Language Semiring

I actually wrote this blog post a couple months ago but only decided to shape it up for posting today: june 18th.

In my computation theory class, after defining a regular expression, we also defined operations $\cdot$ and $\cup$. These operations would take a set of words in a regular language and construct yet another set of words. Interestingly, there were some special sets that make this look like a ring:

• The empty set $\emptyset$ which has the following properties:
  • It is an identity element for the $\cup$ operation: $\emptyset \cup A = A \cup \emptyset = A$.
  • It is an annihilator element for the $\cdot$ operation: $\emptyset \cdot A = A \cdot \emptyset = \emptyset$.
• The set with one element ${\epsilon}$ which is a language that only identifies the empty string has the following properties:
  • It is an identity element for the $\cdot$ operation: ${ \epsilon } \cdot A = A \cdot { \epsilon } = A$.

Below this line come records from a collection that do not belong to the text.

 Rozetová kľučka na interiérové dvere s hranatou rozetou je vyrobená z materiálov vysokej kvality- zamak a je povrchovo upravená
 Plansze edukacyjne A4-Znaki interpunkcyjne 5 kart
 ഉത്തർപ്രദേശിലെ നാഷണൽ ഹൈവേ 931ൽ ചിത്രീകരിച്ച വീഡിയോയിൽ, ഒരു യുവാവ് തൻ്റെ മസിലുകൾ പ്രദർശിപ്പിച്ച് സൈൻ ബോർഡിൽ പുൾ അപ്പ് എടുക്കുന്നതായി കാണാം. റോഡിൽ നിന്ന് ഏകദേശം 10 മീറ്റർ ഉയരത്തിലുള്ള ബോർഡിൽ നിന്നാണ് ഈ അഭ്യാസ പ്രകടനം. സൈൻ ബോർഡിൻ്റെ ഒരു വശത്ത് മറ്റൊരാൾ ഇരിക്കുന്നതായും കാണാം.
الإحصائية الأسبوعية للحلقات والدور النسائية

This makes it almost a ring with:

$$ 0 \coloneqq \emptyset \ 1 := { \epsilon } \ + \coloneqq \cup \ \times := \cdot $$

For some given alphabet $\Sigma$, one has to prove that:

1. $(\Sigma^*, +) \in \mathbf{Ab}$
2. $(\Sigma^*, \times) \in \mathbf{Mon}$
3. $A \times (B + C) = A \times B + A \times C$

However, we immediately run into some problems. Since $\cup$ is closed and commutative, then $+$ is also closed and commutative. Previously we saw that $\emptyset$ acts as an identity element, so in order to prove (1.) it suffices to show that every set $A$ has an inverse $A'$ such that $A \cup A' = \emptyset$ (there are inverses). For non-empty sets $A$ or $B$, this is false. So this cannot be a group and therefore cannot be Abelian either. Not only is this not a group, every element can have more than identity. So, $A + A = A \cup A = A$.

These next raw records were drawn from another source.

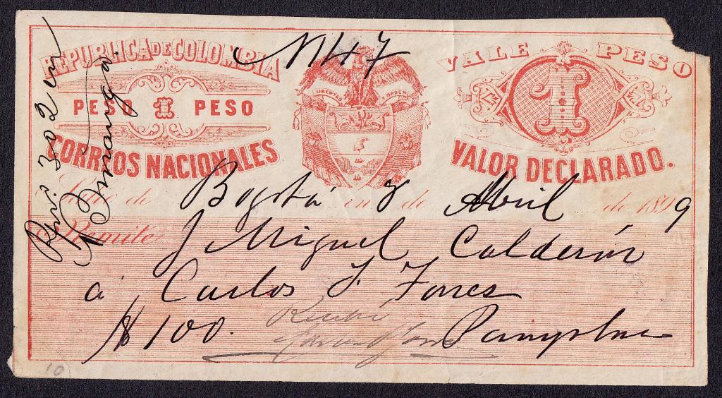 > Wertbriefe waren früher ein unverzichtbarer Teil des Geschäftslebens. Mit ihnen bezahlte man bar seine Rechnungen, denn Girokonten in der heutigen Form gab es im 19. Jahrhundert noch nicht, und über Bankkonten verfügte auch nicht jeder. Kolumbien hatte sich eine extravagante Form der Wertbriefbehandlung ausgedacht. Frankiert wurden die Kuverts nicht mit Marken, sondern mit besonderen Wertaufklebern mit eingedruckter Portoangabe - Ganzsachen gewissermaßen. Bei der Zustellung quittierte dann der Empfänger den Erhalt der Sendung; der Coupon wurde abgetrennt und verblieb als Auslieferungsnachweis bei der Post. Der hier gezeigte Aufkleber wurde am 8. April 1899 in Bogota verwendet und diente zum Versand eines Briefes im Wert von 100 Pesos - damals eine hohe Summe. Der Empfänger hat unten in der Mitte unterschrieben. Da die Aufkleber schön gestaltet wurden, sind sie heute ein beliebtes Sammelobjekt.
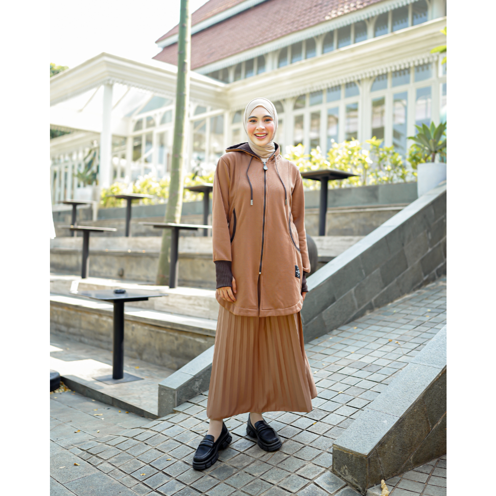 Hijacket Elektra Jaket Wanita Muslimah Modis Dengan Handsock Jaket Fleece Hangat & Stylish
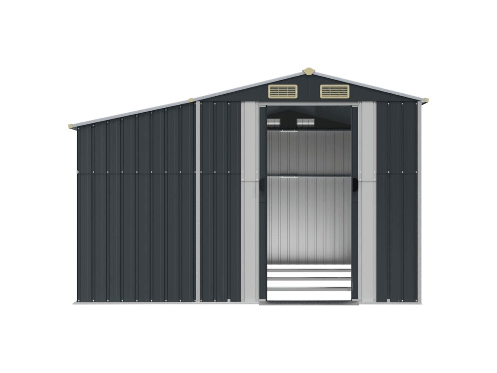 - Odolný materiál: Záhradný domček na náradie je vyrobený z pozinkovanej ocele, ktorá zabraňuje hrdzaveniu a vydrží dlhodobé používanie. Oceľ je mimoriadne tvrdý a pevný materiál. Ponúka robustnosť a stabilitu. Galvanizácia poskytuje lepšiu ochranu pred koróziou a je užitočná pre produkty, ktoré sa budú používať vonku, ako aj v náročných podmienkach.
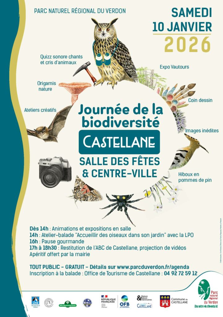 Samedi 10 janvier 2026, la commune de Castellane nous propose une après-midi autour de la biodiversité, avant d’assister à la restitution de l’atlas de la biodiversité à 17h pour (re)découvrir la diversité de la faune et la flore de notre commune !
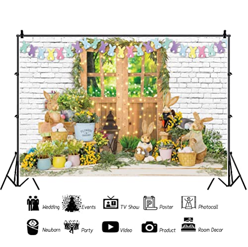 OFILA 2.2x1.5m Buona Pasqua Sfondo Muro di Mattoni Legno Tavola Porta Fotografia Sfondo Primavera Pasqua Fiore Foglie Verdi Sfondo Coniglietto Pasquale Sfondo Bambino Bambino Pasqua Photo Booth
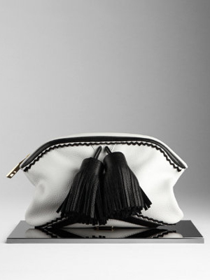 Check out Burberry’s Grainy Luggage Leather Clutch Bag in Black/White, $1350. Available at Burberry.
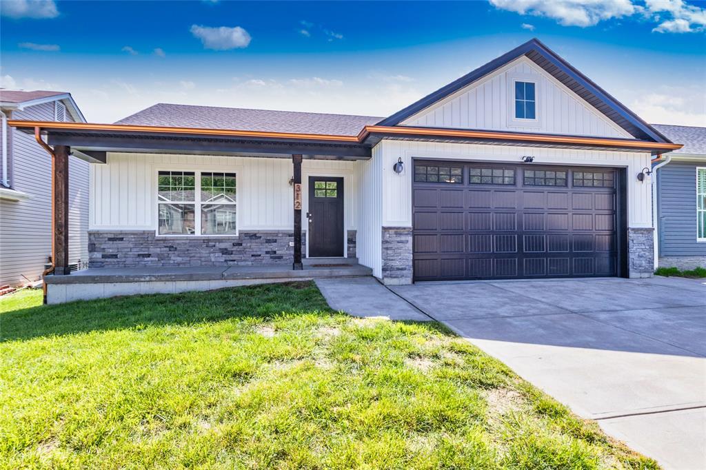 312 Andy Habsieger St, Festus, MO, is a newly built ranch-style home offering 3 bedrooms and 2 bathrooms across 1,357 square feet. The home boasts a modern exterior with a striking combination of stone and siding, complemented by copper gutters that add a touch of elegance. The front porch welcomes you into the open-concept design, where the great room flows seamlessly into the kitchen. The kitchen features a central island, breakfast bar, pantry, and modern appliances. A convenient main-level laundry room is adjacent to the kitchen. The home also includes a 2-car attached garage for extra storage. The partially finished basement offers ample storage and future expansion potential. Enjoy privacy in the backyard with a fenced perimeter. The living room is accented by a cozy faux electric fireplace, perfect for creating a warm, inviting atmosphere. Located in the Festus R-VI School District, this home is conveniently close to highways and shopping, making it ideal for families and commuters.
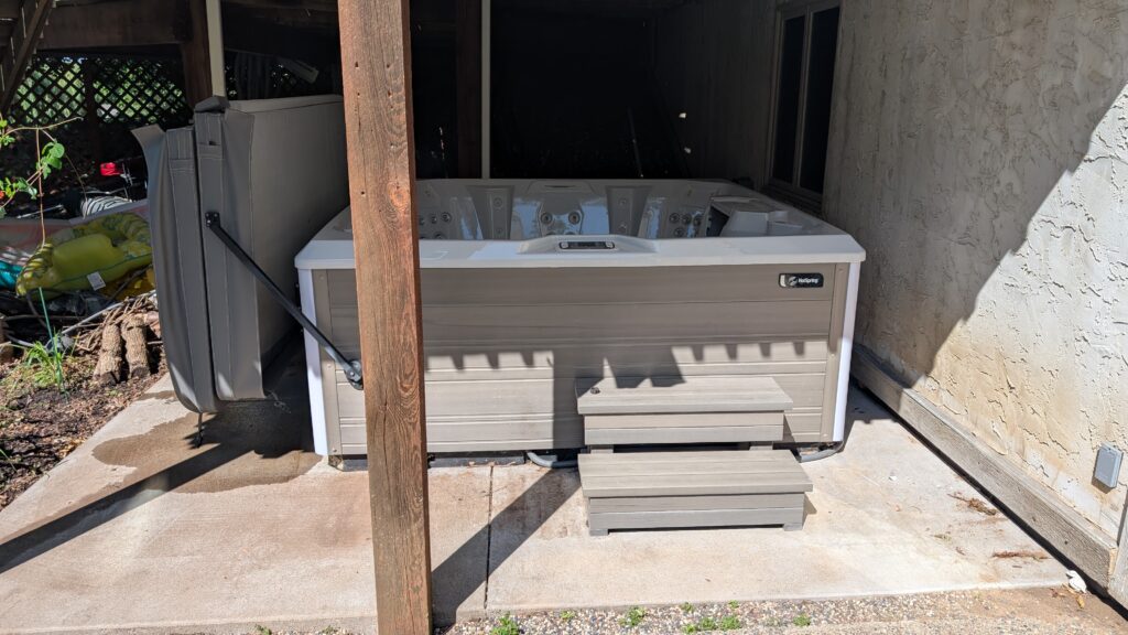 I pulled weeds outside in the 85-degree heat until they started bringing parts over. I was done with the hot and obviously had to run away (just like I did when the original guys brought it) and hide because making people do physical labor for me just weirds me out to no end. It really didn’t take long. They really knew what they were doing. It is temporarily on the pavers in back – not the right place for it, but it is all we had. There is no electricity for it yet either, so it’s not very fun right now.
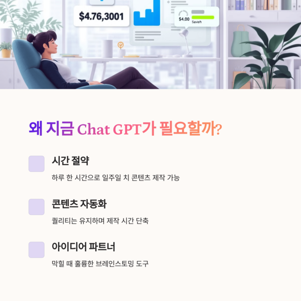 콘텐츠 만들 시간이 없는데도 매일 인스타 피드에 뭔가 올려야 한다는 압박감, 다들 느껴보셨죠? Chat GPT는 그 고통을 덜어줄 진짜 구세주 같은 존재예요. 하루 한 시간도 안 걸려서 일주일 치 콘텐츠 뽑을 수 있다면 믿으시겠어요? 이미 수많은 크리에이터들이 이 도구를 활용해 콘텐츠 루틴을 자동화하고, 퀄리티는 유지하면서도 시간은 줄이고 있어요. 게다가 아이디어가 막힐 때, Chat GPT는 정말 훌륭한 브레인스토밍 파트너가 되어줍니다.

• Proposition $(\Sigma^*, +)$ does not have inverses, for any $\Sigma$.
  • Proof (by contradiction): Suppose that $(\Sigma^, +)$ does have inverses for some $\Sigma$. Then, there exists an element $(-1) \in \Sigma^$ such that $1 + (-1) = 0$. However, since $A + A = A, \forall A,$ then $1 + 1 = 1$. Using the inverse of $1$ we have that $1 + 1 + (-1) = 1 + (-1)$ which simplifies to the expression $1 + 0 = 0$ or $1 = 0$. This is false since $\emptyset \ne {\epsilon}$.

Now we know that $(\Sigma^, +)$ is a commutative monoid. This makes $(\Sigma^, +, \cdot)$ a semiring.

Generalization

Since this doesn't really use the structure of regular languages to prove that it is a semiring, then we can further generalize this. As it turns out, $(\mathbf{Set}, \cup, \times_\sim)$ is a semiring. So, of course a subset of $\mathbf{Set}$ that is closed under $\cup$ and $\times$ would also be a semiring.